Upon investigation, it turned out, that when I pressed ctrl+v, the file manager still tried to move the files to "New Folder". I pressed consecutive enters too quickly. I was inside a folder that was referred to by a name that didn't exist anymore.
Not lethal, but it happened yesterday, and it was for the same reason... software still can't handle input that's too rapid in 2024.
Absolutely. Much of application level software has loads of race condition issues. And by application level I include all OS software that's not part of the kernel or drivers (utilities, etc).
Autonomous cars are nothing, at least they're on the ground. No modern plane can fly without a computer. What about Air Traffic Control, Nuclear power, submarines, and traffic lights? Even your average car would quit without the computer. Every day, we put our lives in a computer's hands in 1000 ways we aren't even aware of.
Air Inter in France crashed due to a software design issue in the late 80s.
Federal Regulatory Agencies. 😂 LIke they care.
Run by industries they’re supposed to regulate.
Inputting parameters too quickly resulting in the software glitching out reminds me of the computers at high school. Bizarrely, if you entered in your password too fast and hit Enter, you'd login to the school I.T. admin's computer, even though you used your own username and password.
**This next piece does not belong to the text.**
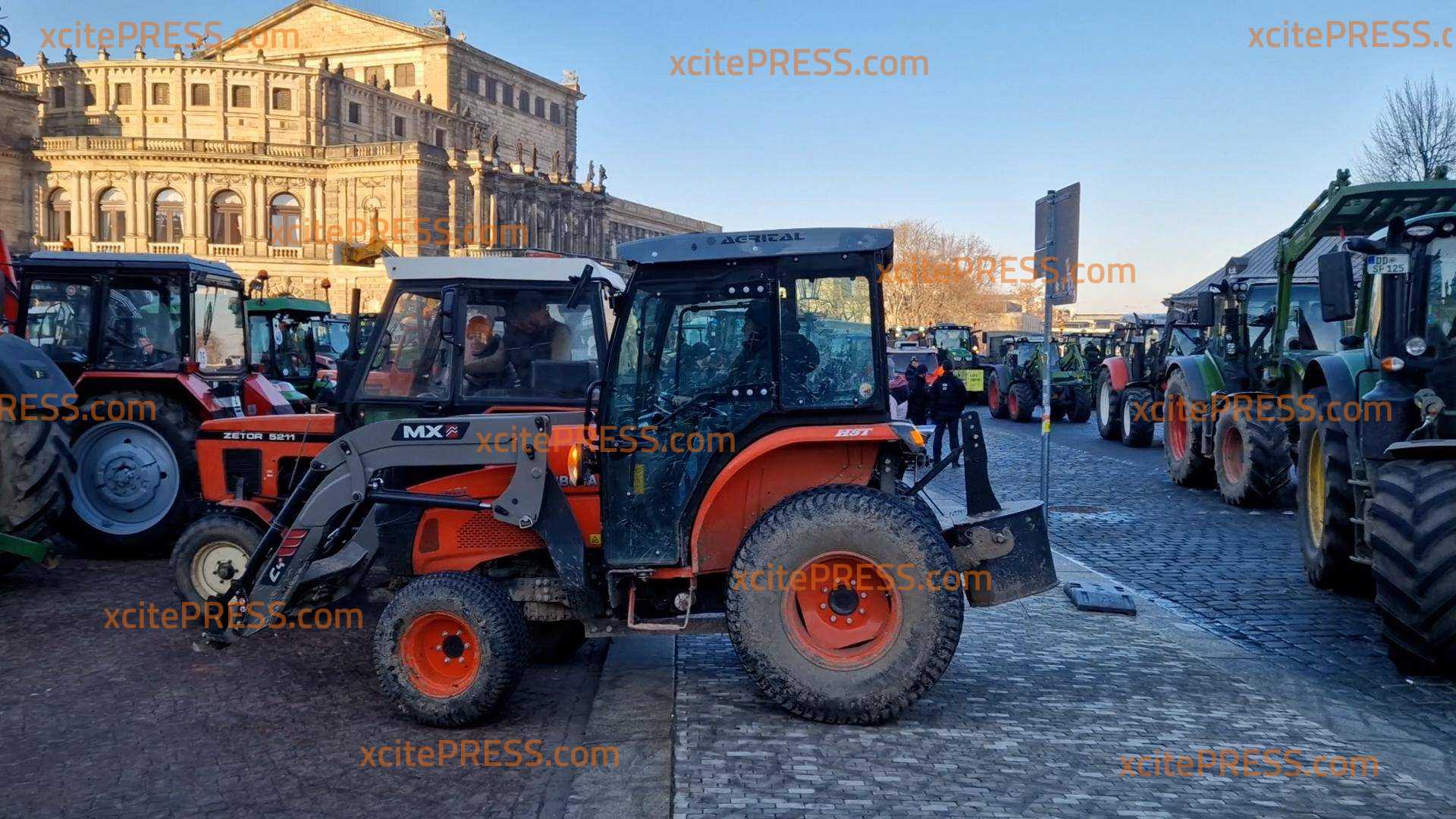 Der Theaterplatz ist gefüllt mit hunderten Traktoren, tausende Menschen sind auf dem Platz. Der Protest richtet sich eindeutig gegen die Ampel-Politik. Ministerpräsident Michael Kretschmer (CDU) ist am Vormittag als Redner erwartet.

Gee, software in safety critical systems not being tested thoroughly? And written by non-professional programmers? Where have we heard about this before?
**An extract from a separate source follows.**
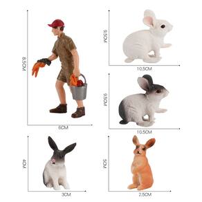 Conjunto de 5 peças de bonecos de coelho e zelador, estatuetas realistas de coelhinho de PVC, inclui coelho sentado grande, coelho em pé e fazendeiro com cenouras, de 2,5 a 11 cm de altura, perfeitas para crianças e decorações Descrição: Material: PVC Tamanho: 2,5 a 11 cm Consulte a imagem para obter detalhes específicos de tamanho Peso: 365,5 g Características: Conjunto completo de coelhos: este conjunto de 5 peças apresenta várias figuras de coelho, incluindo um grande coelho sentado, um coelho em pé, um coelhinho pequeno e um cuidador com cenouras, ideais para amantes de animais. Material de PVC durável: Feitas de PVC não tóxico de alta qualidade, essas estatuetas são feitas para durar e são seguras para crianças, tornando-as perfeitas para brincar e exibir. Divertido e educativo: ótimo para ensinar crianças sobre cuidados com coelhos e animais, ao mesmo tempo em que promove a criatividade, a imaginação e o aprendizado sobre a vida na fazenda. Perfeito para decorações: use essas charmosas figuras de coelhos e cuidadores como parte de uma cena de fazenda, diorama ou decoração de quarto para adicionar um toque divertido a qualquer ambiente. Ótimo para crianças e colecionadores: adequado para crianças de 3 anos ou mais, bem como para colecionadores que apreciam estatuetas de animais realistas e detalhadas em suas exibições. O que vem na caixa: 5 x Conjunto de bonecos de coelho e zelador
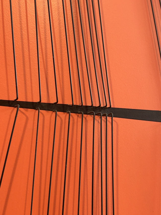 Composición pictórica geométrica y ensamblaje con varillas de metal.

He or she got paid to program, so was a professional programmer. Pretty standard to be mostly self-taught back in those days.
Boeing managed to kill 300 with the same lack of testing and managers rushing a product to market.
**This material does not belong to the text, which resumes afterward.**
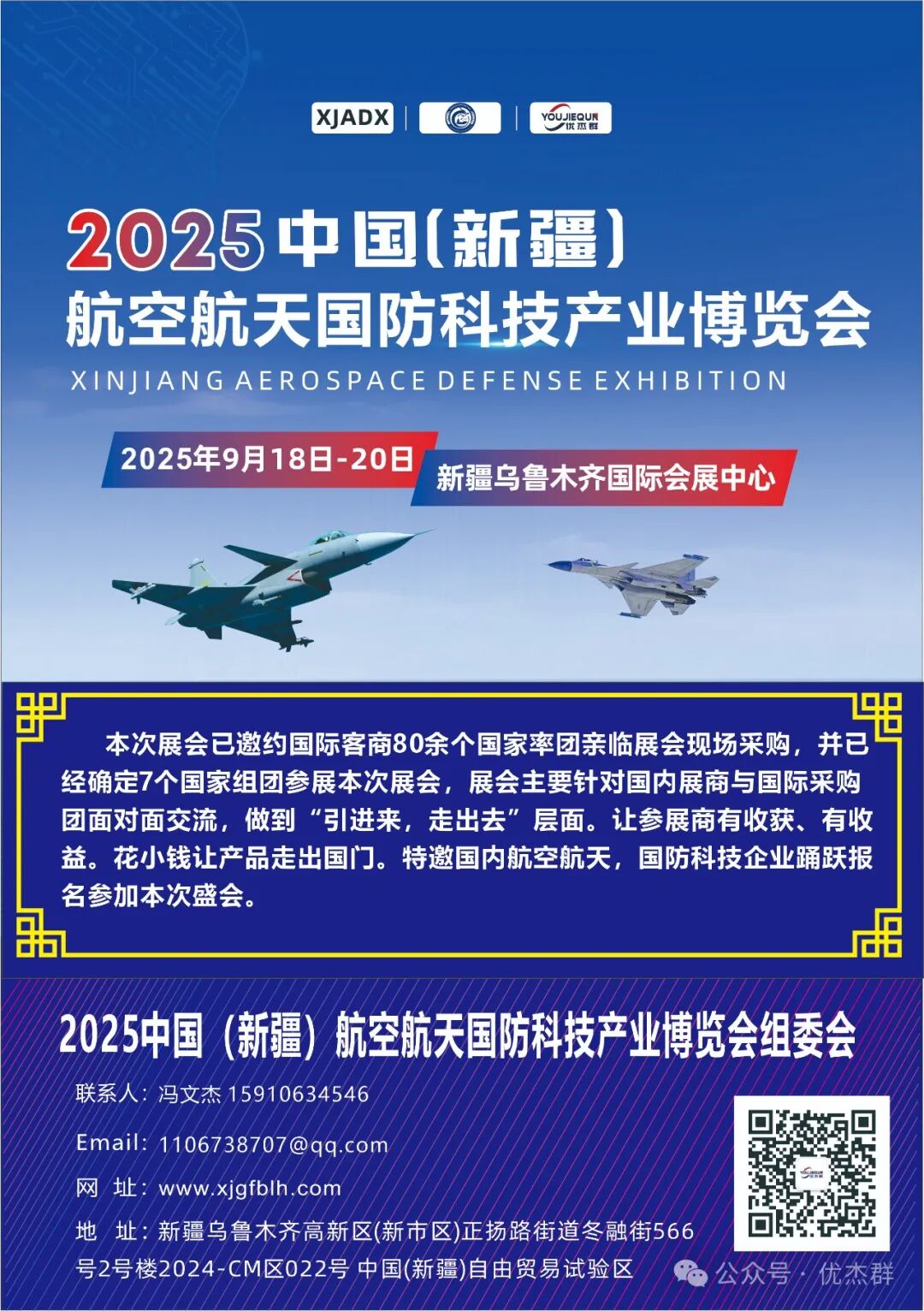 🔥🔥【2025中国(新疆)航空航天国防科技产业博览会】9月18-20日,乌鲁木齐国际会展中心!聚焦无人机、北斗导航等军民融合尖端科技,辐射“一带一路”80+国市场!600+全球展商、政府权威背书、全产业链覆盖,助您抢占中亚南亚商机!立即报名→www.xjqfbih.com #航空航天 #国防科技 #军民融合

Boeing employees are striking now in protest to return those quality checks, but management is threatening them as a consequence.
I'm afraid Boeing is going to continue to kill customers and astronauts.
Great video Dave and thank you for showing us.
People don't believe it when I tell them computers make mistakes all the time. Reminds me of: Did they try turning it off and back on again?
Perhaps you should tell them: "computers rarely make mistakes. Software makes them all the time".
Dave, I found all the developers of the Therac-25, they must be working for GM writing the Infotainment system for their new EVs, as my Blazer EV for sure has never been tested in real world scenarios for flaws the infotainment contains. It is so bad that my car has had error codes from the day it left the dealership a year ago and no dealership has ever figured out how to fix it. Thank you for shedding some light on the importance of great code and better testing.
Now, for what it's worth, all of the machines which actually exhibited this problem were reported to have flagged and displayed an error - Some of them more than 200 times. Part of this blame absolutely lies with the operators who continued to use the equipment regardless.
Admittedly, providing full text error mesaages would likely not have helped much. "Beam turntable did not reach expected position for selected operating mode. Contact service" (the actual error) is still not all that helpful
It'll be fine
I killed a herd of cows with an extra 0
I was amending a feed formulation program (written in DIBOL running on a Vax). In those days we coded in coding sheets then went to site and keyed in the changes directly onto the live system.
Working on the calculation for quantity of active ingredient (drugs) to add to the feed. Active ingredients had potency values which need to be factored in.
I had miskeyed an extra 0 in the calculation which resulted in 10x the amount of active ingredient were added to the feed than there should be.
When a farmer fed the feed to his cows, it killed them all.
The animal feed company was liable because they were supposed to be running the new system along side their old system and cross checking but didn’t they just ran with the new untested code.